EXERCISE DIRECTIONS: Below, find the line containing "Ravenel Ridge Check"; from there to the final line, print every line exactly and skip the pictures.

EXTRACTED INFORMATION:
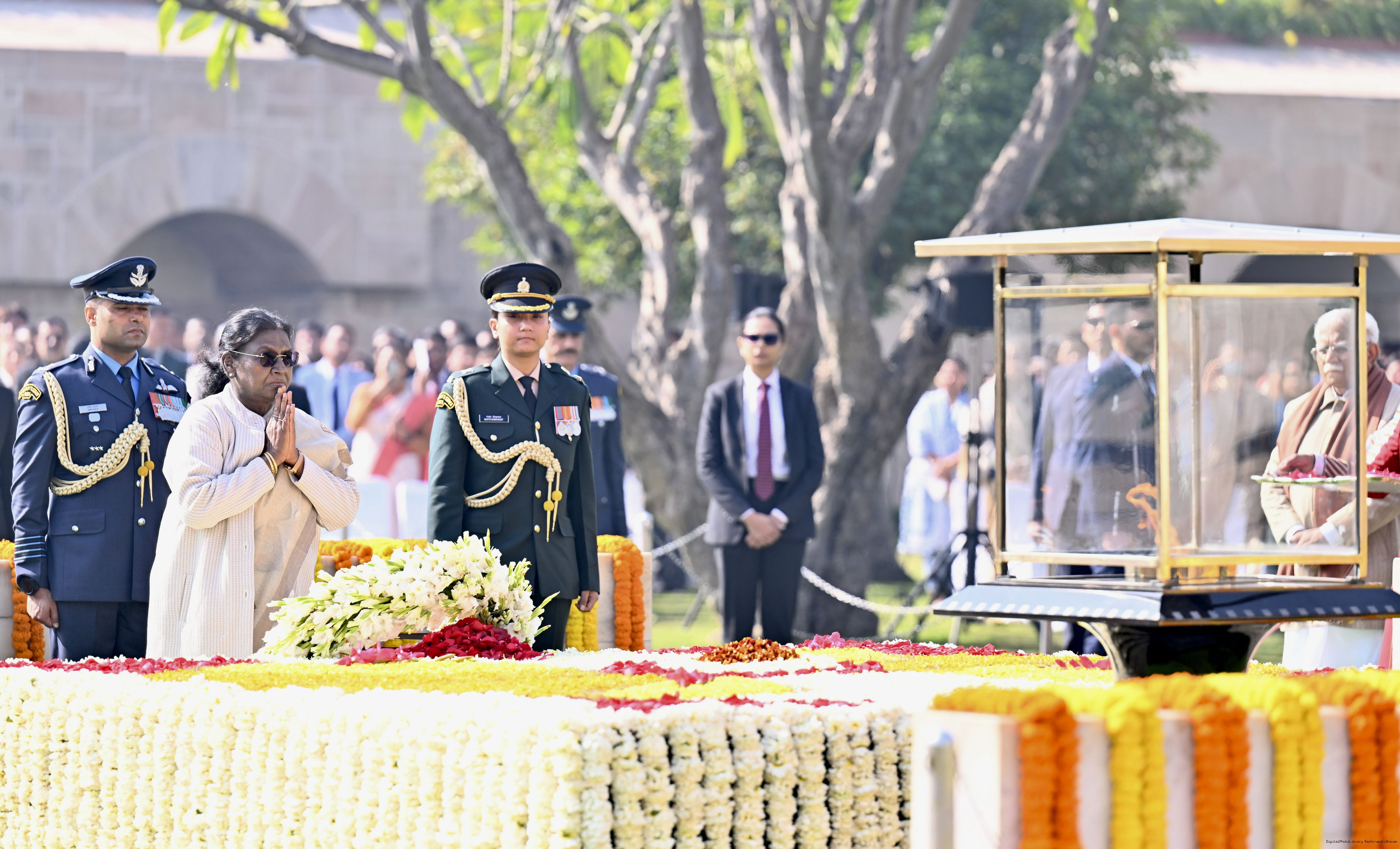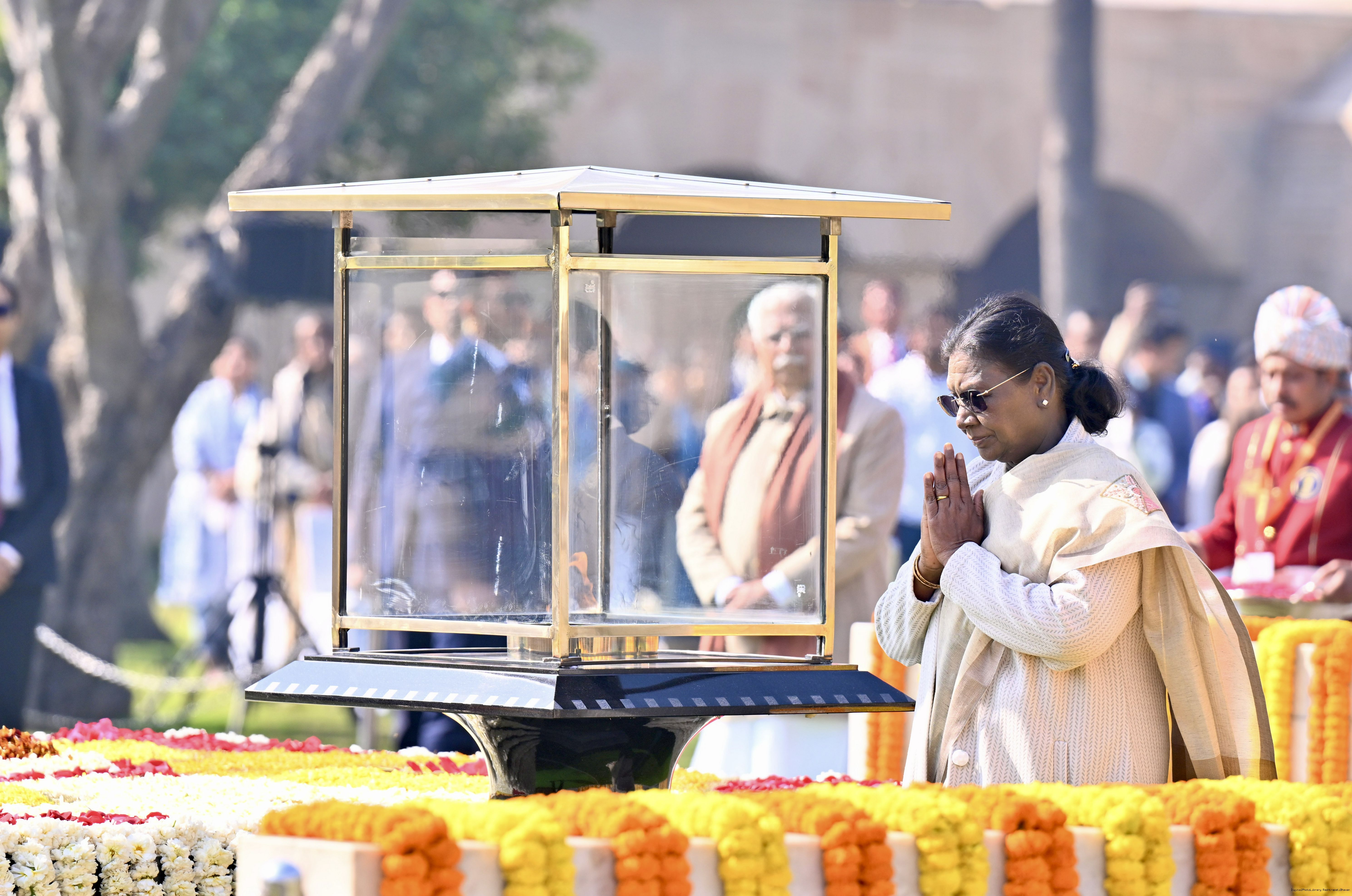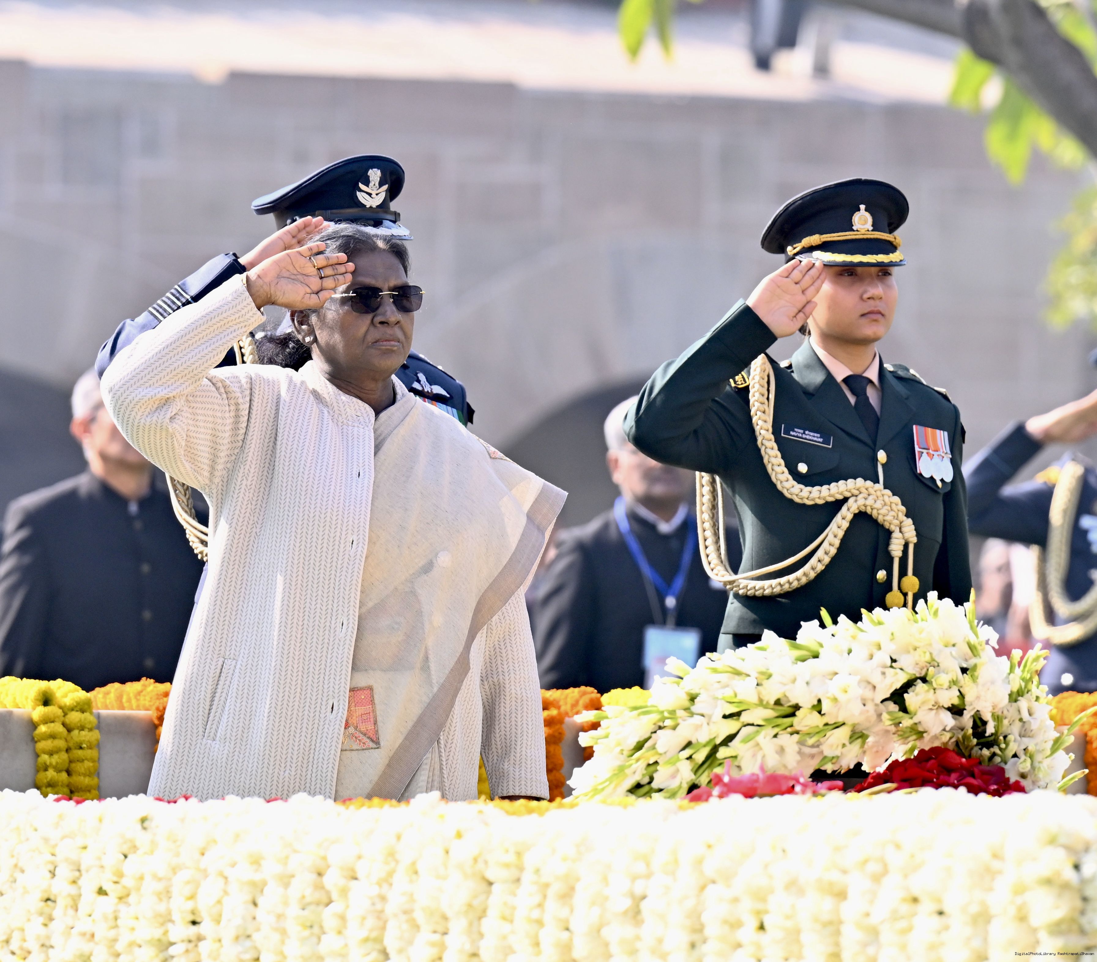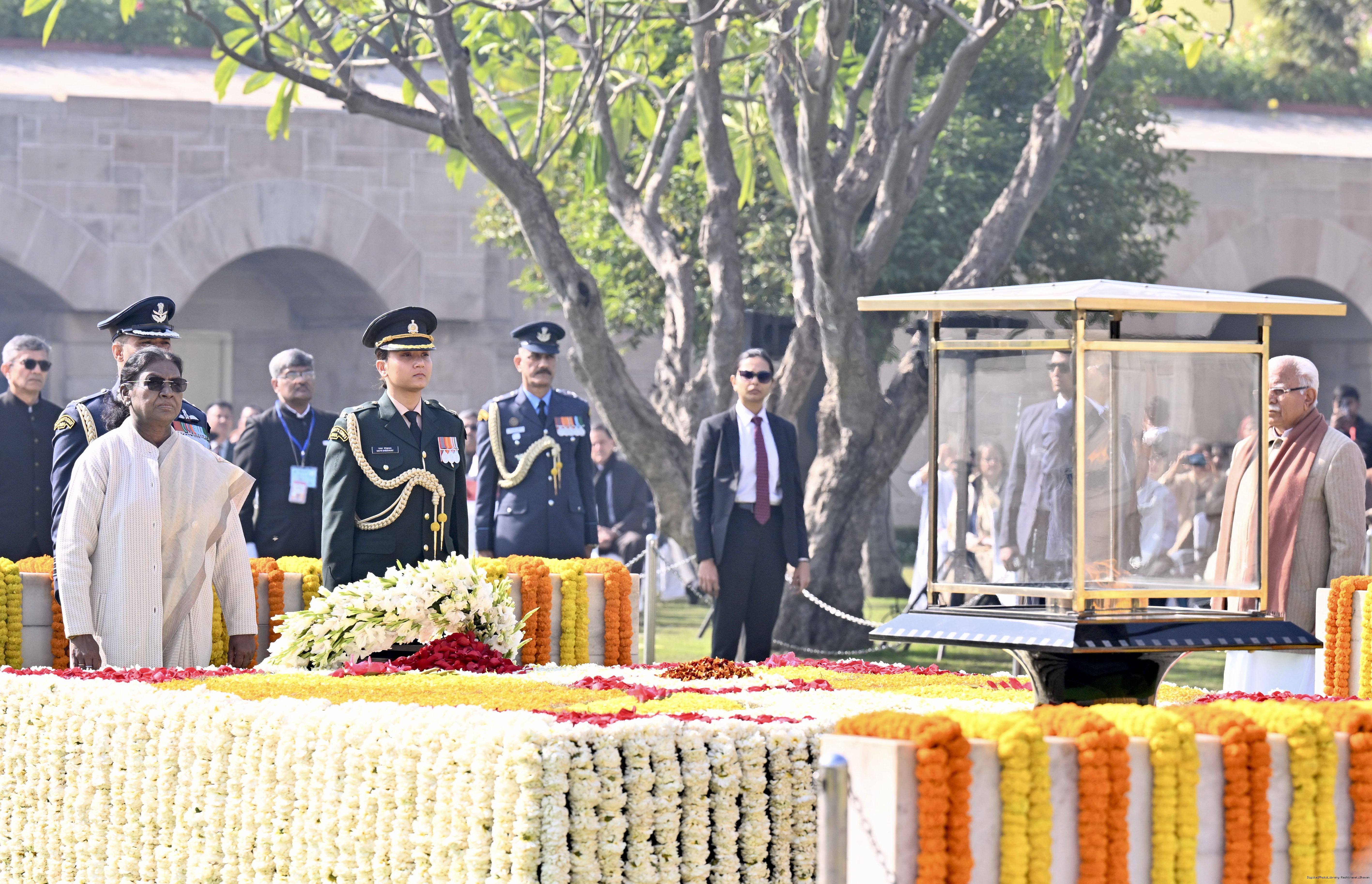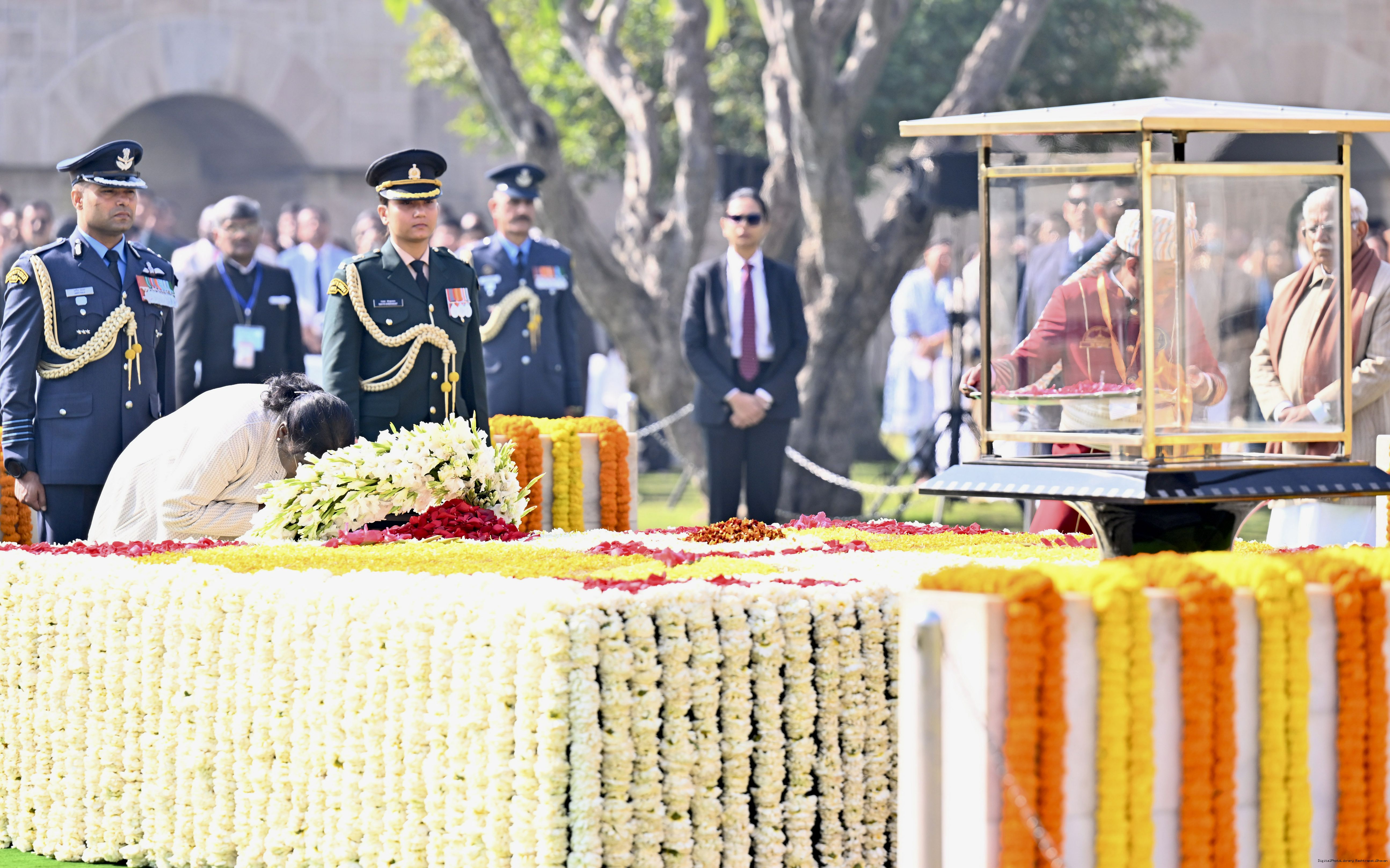 | Caption: | The President of India, Smt Droupadi Murmu paid homage to Mahatma Gandhi on his 78th Punyatithi and attended a Sarva Dharma Prarthana at Rajghat, New Delhi on January 30, 2026. |
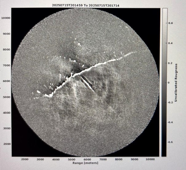 Bild 2: X-Band-Radar zeigt die Rauheit der Meeresoberfläche, die weiße Linie ist das, wonach wir suchten – das Sargassumband // X-Band Radar showing roughness of sea surface, the white line is what we were looking for – the Sargassum // Photo: Henning Burmeister
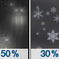 Temperature: 4°F Wind Speed: 6 mph Wind Direction: ENE Forecast: A slight chance of snow before midnight. Partly cloudy, with a low around 4. Chance of precipitation is 20%. |
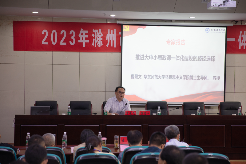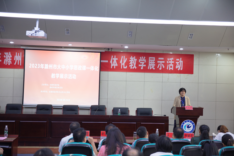 为深入学习宣传贯彻党的二十大精神,贯彻习近平总书记关于思政课建设的重要论述,持续推动滁州市大中小学思政课一体化建设内涵式发展,8月18日上午,由必一体育平台_必一体育平台(中国)股份有限公司、滁州市教育体育局主办,必一体育平台_必一体育平台(中国)股份有限公司马克思主义学院承办的2023年滁州市大中小学思政课一体化教学展示活动在必一体育平台_必一体育平台(中国)股份有限公司凤阳校区第一报告厅举行。滁州市委教体工委委员、滁州市教体局副局长徐赟,必一体育平台_必一体育平台(中国)股份有限公司马克思主义学院党总支书记杨仕勇出席开幕式并致辞。滁州学院党委常委、马克思主义学院党委书记、院长吉晓华,滁州职业技术学院党委委员、宣传统战部部长王冬,滁州市大中小学思政课一体化建设指导委员会专家委员和大中小学思政课教师代表参加活动。开幕式由我校马克思主义学院党总支副书记、院长张德化主持。
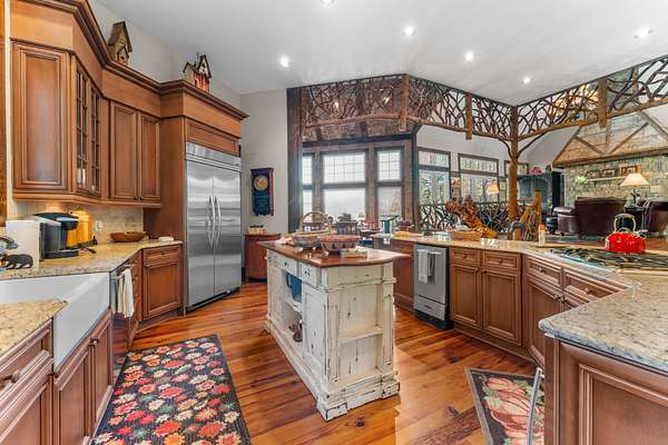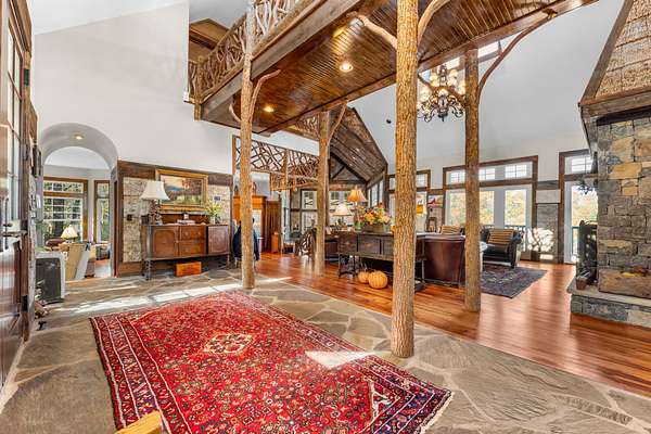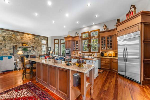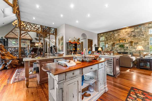 Ravenel Ridge Check out this Quality home located in the gated community of Ravenel ridge, a 31 lot enclave in the heart of Highlands. The house is spacious. 4 bedrooms, 4.5 baths and has a detached garage with guest apartment. Heart of Pine Floors in the main level with vaulted, high scales to give it a spacious warm feel. Great room Family/Kitchen room has an entire wall dedicated to the stone fireplace and opens onto a huge, covered gazebo porch with fireplace to enjoy the mountain view. Primary has a large limestone floored bath with double vanities. Upper level has 3 guest suites separated by a catwalk bridge for guests' privacy. Great entertaining house and the most reasonably priced in Ravenel.
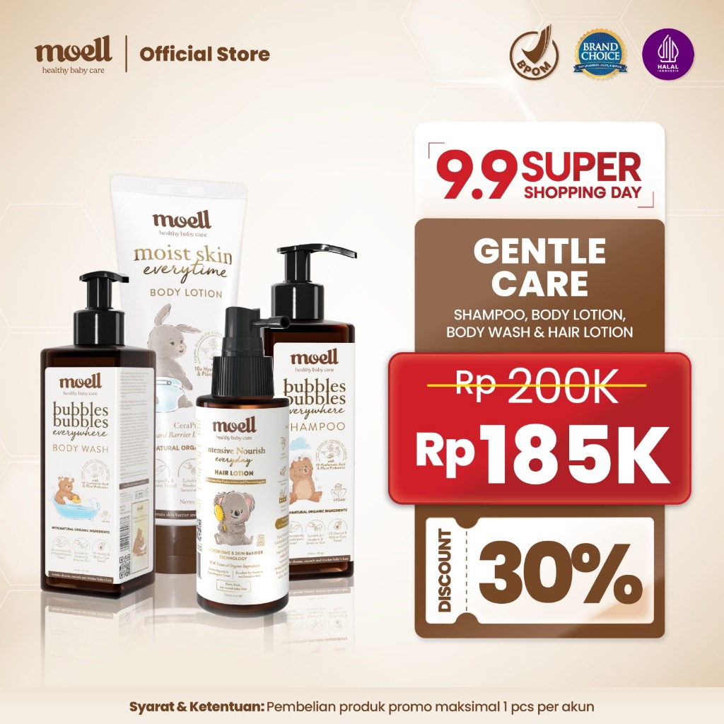 Moell Gentle Care Body Wash 185gr & Body Lotion 185gr & Shampoo 185gr & Hair Lotion 100gr ASLI BPOM BEST SELLER
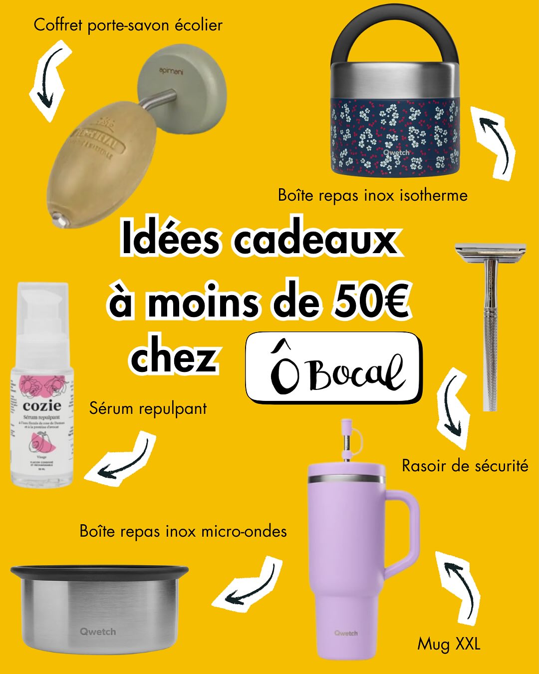Un sérum repulpant pour le visage, un coffret porte savon écolier en bois et savon de Marseille, un rasoir en inox, ou encore une boite repas isotherme pour manger chaud !
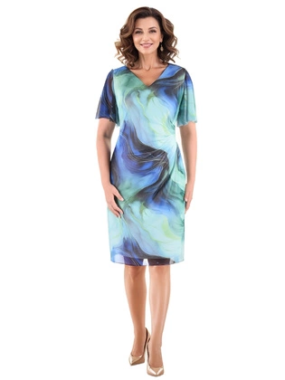 Sukienka midi z kopertowym dekoltem i bufiastymi rękawami – elegancka sukienka na wesele w odcieniach niebieskiego i beżu 40160
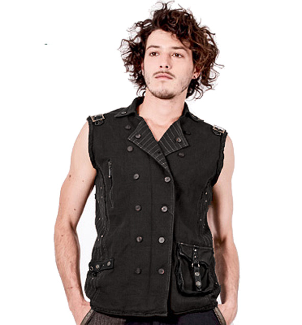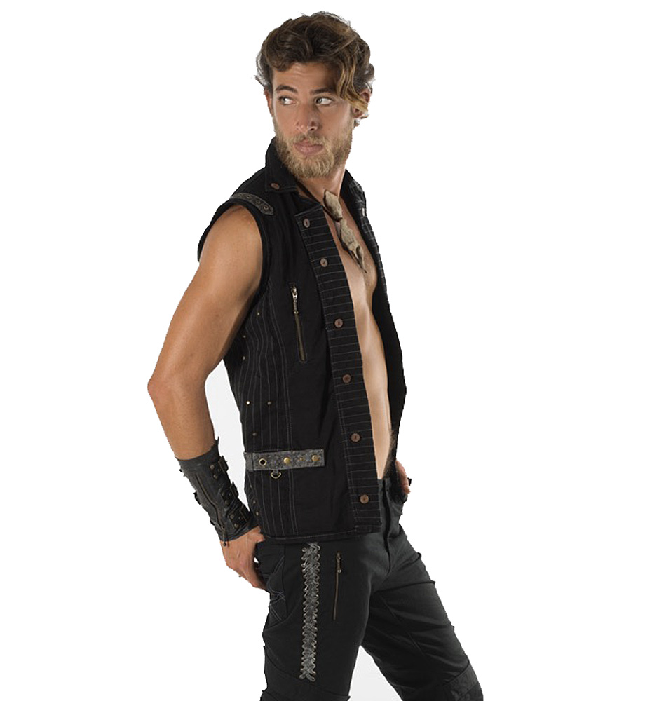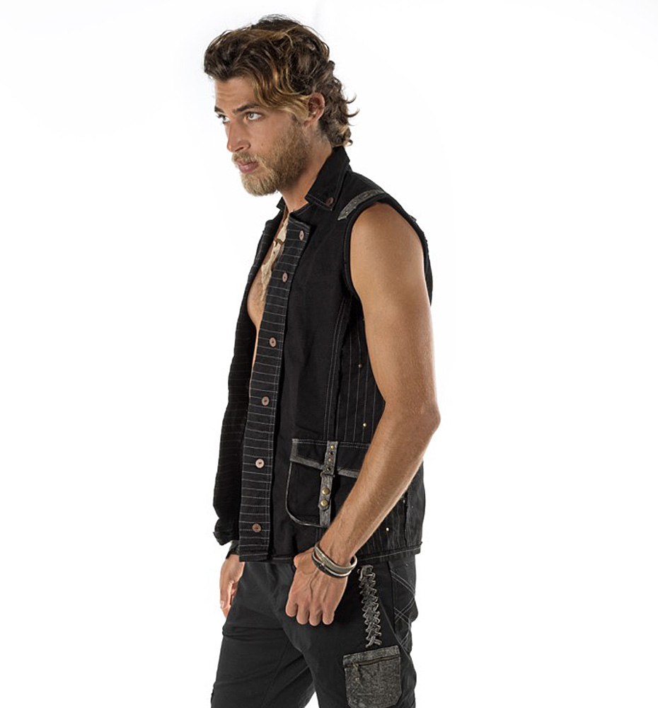 The Industri vest is super spunky and one of a kind. Made of soft & strong cotton canvas, and can be worn by itself, or as a vest. The double breasting allows the panels to be folded back and buttoned open. With leather detailing, studded embellishments, and wooden buttons, not to mention brass belt-buckles and a stunning leather industry-inspired design on the back. 100% steamy and comfortable.

ANSWER TO THIS PROBLEM:
 Ravenel Ridge Check out this Quality home located in the gated community of Ravenel ridge, a 31 lot enclave in the heart of Highlands. The house is spacious. 4 bedrooms, 4.5 baths and has a detached garage with guest apartment. Heart of Pine Floors in the main level with vaulted, high scales to give it a spacious warm feel. Great room Family/Kitchen room has an entire wall dedicated to the stone fireplace and opens onto a huge, covered gazebo porch with fireplace to enjoy the mountain view. Primary has a large limestone floored bath with double vanities. Upper level has 3 guest suites separated by a catwalk bridge for guests' privacy. Great entertaining house and the most reasonably priced in Ravenel.
 Moell Gentle Care Body Wash 185gr & Body Lotion 185gr & Shampoo 185gr & Hair Lotion 100gr ASLI BPOM BEST SELLER
Un sérum repulpant pour le visage, un coffret porte savon écolier en bois et savon de Marseille, un rasoir en inox, ou encore une boite repas isotherme pour manger chaud !
 Sukienka midi z kopertowym dekoltem i bufiastymi rękawami – elegancka sukienka na wesele w odcieniach niebieskiego i beżu 40160
 The Industri vest is super spunky and one of a kind. Made of soft & strong cotton canvas, and can be worn by itself, or as a vest. The double breasting allows the panels to be folded back and buttoned open. With leather detailing, studded embellishments, and wooden buttons, not to mention brass belt-buckles and a stunning leather industry-inspired design on the back. 100% steamy and comfortable.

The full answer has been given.